### [Record extracts]
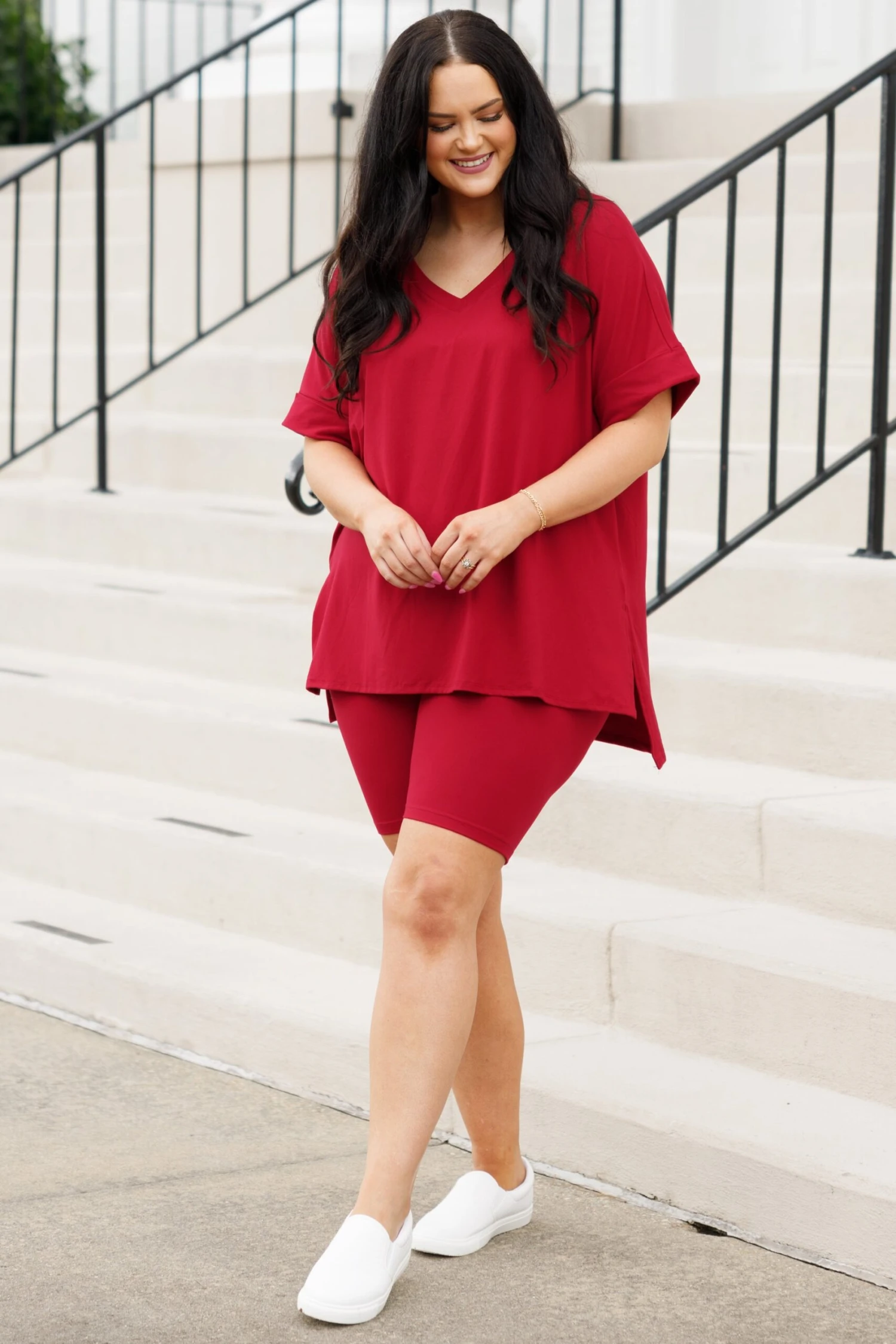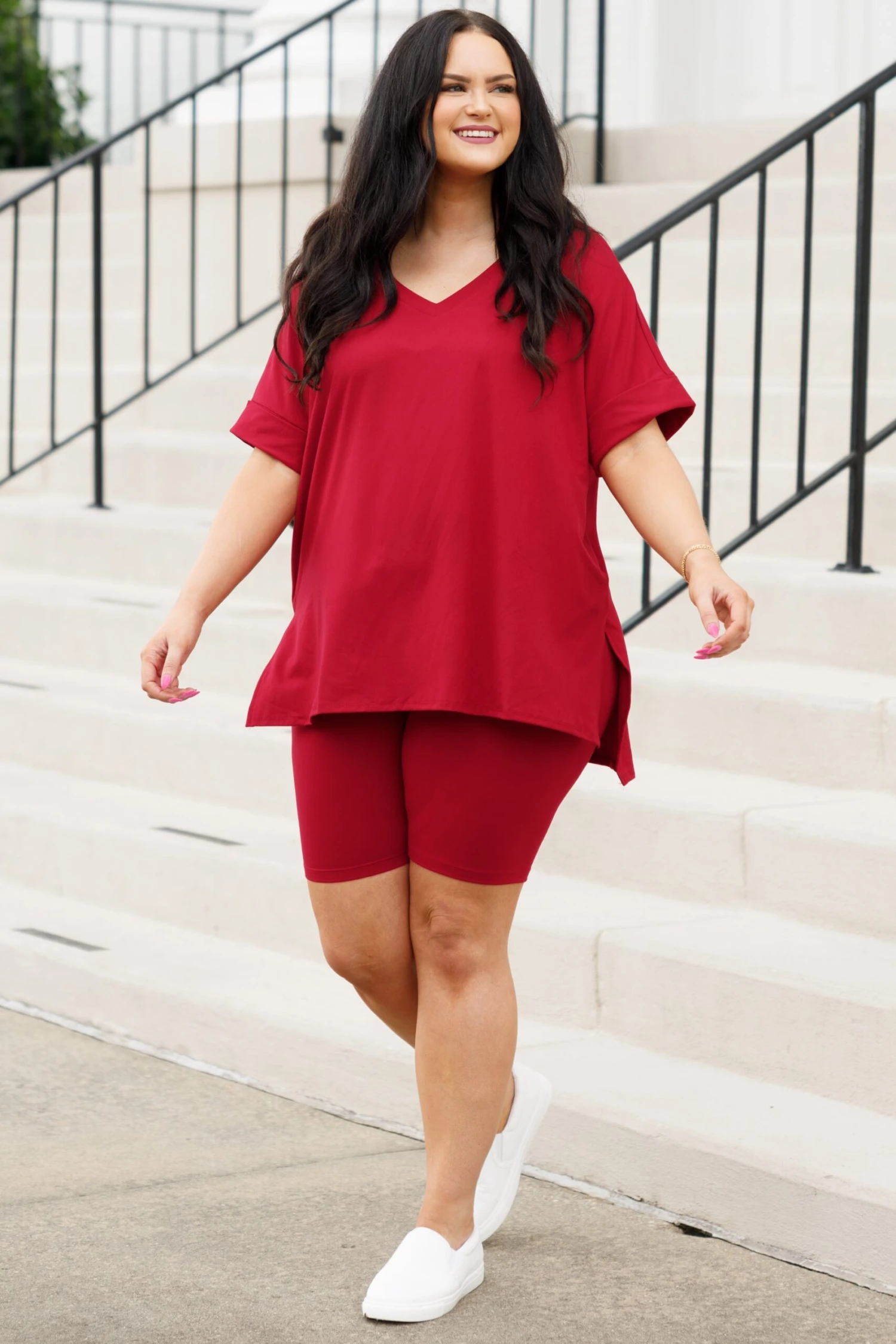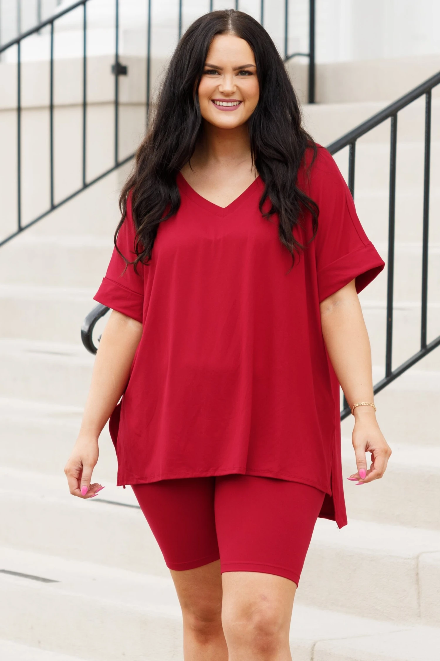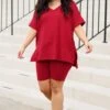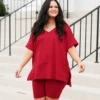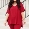 This gorgeous set is definitely a necessity! The pretty burgundy color is just in time for the season and the comfy fit is perfect for all day wear! The stretchy, figure flattering fit of the top and bottom make this set a must-have! Pair this set with some cute accessories and sandals or sneakers for an everyday chic look!
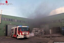 In der Betriebshalle des Abfallbehandlungsbetriebes kam es aus unbekannter Ursache zu einem Brand einer Förderschnecke für Kunststoffmüll. In der Anlage, mit der große Mengen kleiner Kunststoffschnitzel bewegt werden, konnte sich der Brand rasch ausbreiten. Durch die enorme Rauchentwicklung, die der brennende Kunststoff verursachte konnte im Umfeld und im Inneren der Halle nur mit umluftunabhängigem Atemschutz gearbeitet werden. Außerdem hinderten die Plastikberge im inneren der Halle die Bewegungsfreiheit der eingesetzten Trupps.
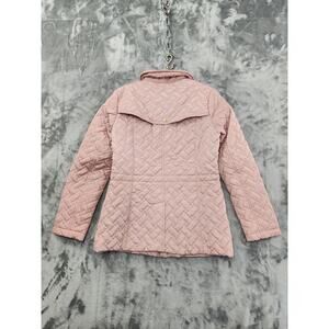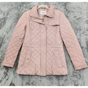 Cole Haan Quilted Jacket Coat Size S Pink Drawstring Waist Zip Snap Lined Warm
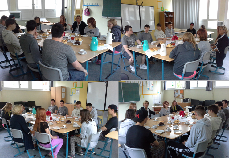 Englischstunde in der Klasse 10BR2 Es ist geschafft. Alle Abschlussarbeiten sind geschrieben und in der nächsten Woche beginnen für uns die lebenspraktischen Wochen. Deshalb hat sich unsere Schulleiterin und Englischlehrerin Frau Moscha für die letzte Unterrichtsstunde etwas ganz besonderes einfallen lassen. Die Auswertung des Schuljahres erfolgte bei einem typisch englischen Frühstück. Es war sehr lecker. Vielen Dank! |
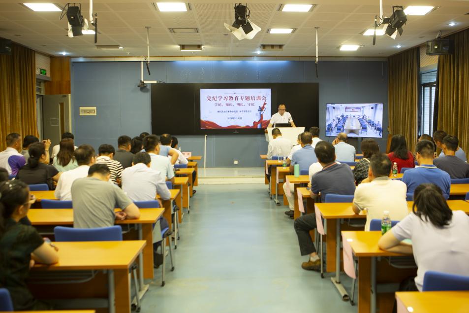 本网讯 2024年5月30日上午,现代教育技术中心党委与伟德国际victor1946党总支在白云山校区六教A209和大学城校区实验楼D302联合举办以“深入研读并贯彻实施《中国共产党纪律处分条例》(以下简称《条例》),全面提升党员学纪、知纪、明纪、守纪能力”为主题的党纪学习教育专题培训会。会议由现代教育技术中心党委书记何越晖同志主持,伟德国际victor1946党总支书记钟罗军、伟德国际victor1946主任李旭武、教育技术中心主任娄会东、副主任丘广华等领导同志亦出席了本次会议。伟德国际victor1946、现代教育技术中心全体党员均参与了此次培训会,共同学习并深入研讨了《条例》的相关内容。
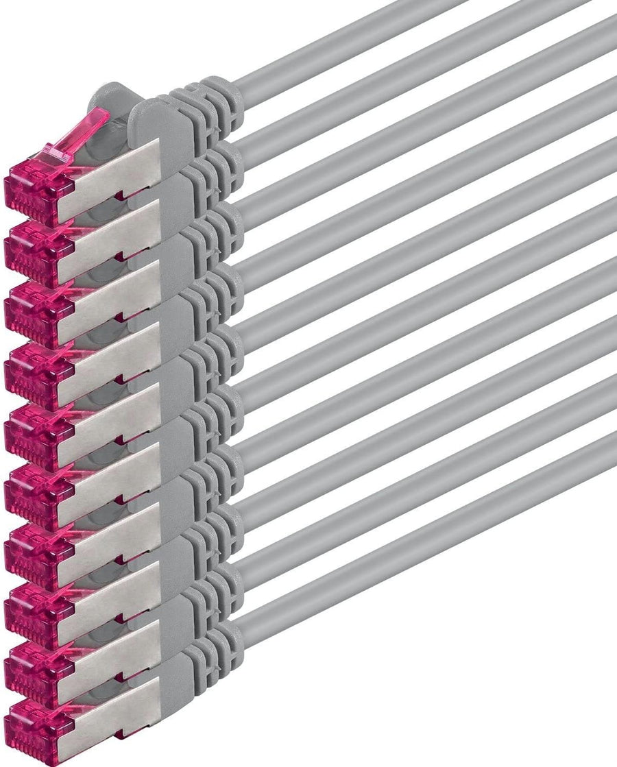 1aTTack.de 10x 10m - Cat 6 Netzwerk-Kabel Patch-Kabel Cat6 RJ45 SFTP - Grau 10m grau - 10 Stück, 10m
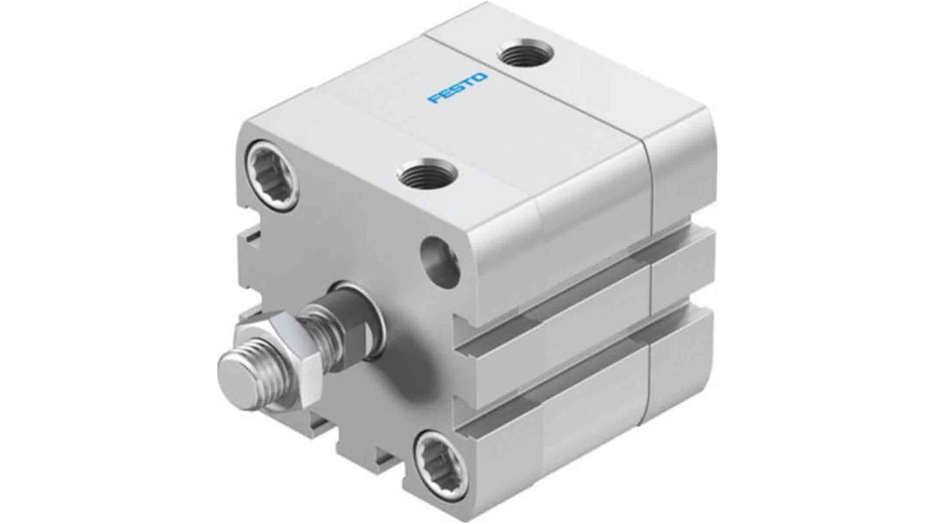 Cilindro pneumatico compatto a doppio effetto, foro 40mm, corsa 10mm, conforme a ISO 21287, adatto per aria compressa filtrata e lubrificata, ammortizzazione pneumatica autoregolante, pressione di esercizio 1-10 bar, temperatura ambiente da -20 a 80 gradi Celsius, filettatura stelo M10x1,25, assemblabile in qualsiasi posizione, resistenza alla corrosione moderata. Marchio Festo, modello ADN 572673.
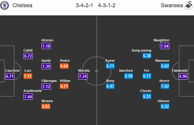 Chelsea FC: David Luiz (8/1 hậu vệ), Michy Batshuayi (7/2 tiền đạo), Charly Musonda (2/0 tiền vệ), Kenedy (0/0 tiền vệ)
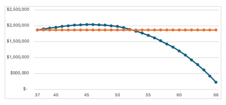 A traditional calculator recommending 10X gross income would cover less than half the value of this individual initially. A traditional calculator using this human value method would recommend $1,870,000 level face amount 30-year term as illustrated in orange. This traditional approach will leave the insured under-protected until age 53 and then increasingly over-insured precisely when the annual cost of mortality is ramping up and the underwriting benefits to the carrier are wearing off (see Figure 1).
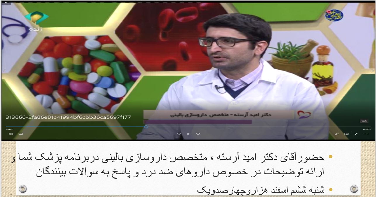 آرشیو انعکاس روزانه دانشگاه در رسانه ها پزشک شما 06 اسفند 1401 بازدید: 145 امتیاز: ( 0 Rating ) داروهای ضد درد امتیاز کاربران لطفا رای دهید رای 1 رای 2 رای 3 رای 4 رای 5 موضوع برنامه : داروهای ضد درد کارشناس برنامه : آقای دکتر امید آرسته ، متخصص داروسازی بالینی کاری از : روابط عمومی دانشگاه علوم پزشکی مشهد قبلی بعدی

### [What this task involves]
Within the listing above, copy exactly the lines that start at the one with "In der Betriebshalle" and continue through the one with "Chelsea FC: David". Omit pictures.

### [Task solution]
 In der Betriebshalle des Abfallbehandlungsbetriebes kam es aus unbekannter Ursache zu einem Brand einer Förderschnecke für Kunststoffmüll. In der Anlage, mit der große Mengen kleiner Kunststoffschnitzel bewegt werden, konnte sich der Brand rasch ausbreiten. Durch die enorme Rauchentwicklung, die der brennende Kunststoff verursachte konnte im Umfeld und im Inneren der Halle nur mit umluftunabhängigem Atemschutz gearbeitet werden. Außerdem hinderten die Plastikberge im inneren der Halle die Bewegungsfreiheit der eingesetzten Trupps.
 Cole Haan Quilted Jacket Coat Size S Pink Drawstring Waist Zip Snap Lined Warm
 Englischstunde in der Klasse 10BR2 Es ist geschafft. Alle Abschlussarbeiten sind geschrieben und in der nächsten Woche beginnen für uns die lebenspraktischen Wochen. Deshalb hat sich unsere Schulleiterin und Englischlehrerin Frau Moscha für die letzte Unterrichtsstunde etwas ganz besonderes einfallen lassen. Die Auswertung des Schuljahres erfolgte bei einem typisch englischen Frühstück. Es war sehr lecker. Vielen Dank! |
 本网讯 2024年5月30日上午,现代教育技术中心党委与伟德国际victor1946党总支在白云山校区六教A209和大学城校区实验楼D302联合举办以“深入研读并贯彻实施《中国共产党纪律处分条例》(以下简称《条例》),全面提升党员学纪、知纪、明纪、守纪能力”为主题的党纪学习教育专题培训会。会议由现代教育技术中心党委书记何越晖同志主持,伟德国际victor1946党总支书记钟罗军、伟德国际victor1946主任李旭武、教育技术中心主任娄会东、副主任丘广华等领导同志亦出席了本次会议。伟德国际victor1946、现代教育技术中心全体党员均参与了此次培训会,共同学习并深入研讨了《条例》的相关内容。
 1aTTack.de 10x 10m - Cat 6 Netzwerk-Kabel Patch-Kabel Cat6 RJ45 SFTP - Grau 10m grau - 10 Stück, 10m
 Cilindro pneumatico compatto a doppio effetto, foro 40mm, corsa 10mm, conforme a ISO 21287, adatto per aria compressa filtrata e lubrificata, ammortizzazione pneumatica autoregolante, pressione di esercizio 1-10 bar, temperatura ambiente da -20 a 80 gradi Celsius, filettatura stelo M10x1,25, assemblabile in qualsiasi posizione, resistenza alla corrosione moderata. Marchio Festo, modello ADN 572673.
 Chelsea FC: David Luiz (8/1 hậu vệ), Michy Batshuayi (7/2 tiền đạo), Charly Musonda (2/0 tiền vệ), Kenedy (0/0 tiền vệ)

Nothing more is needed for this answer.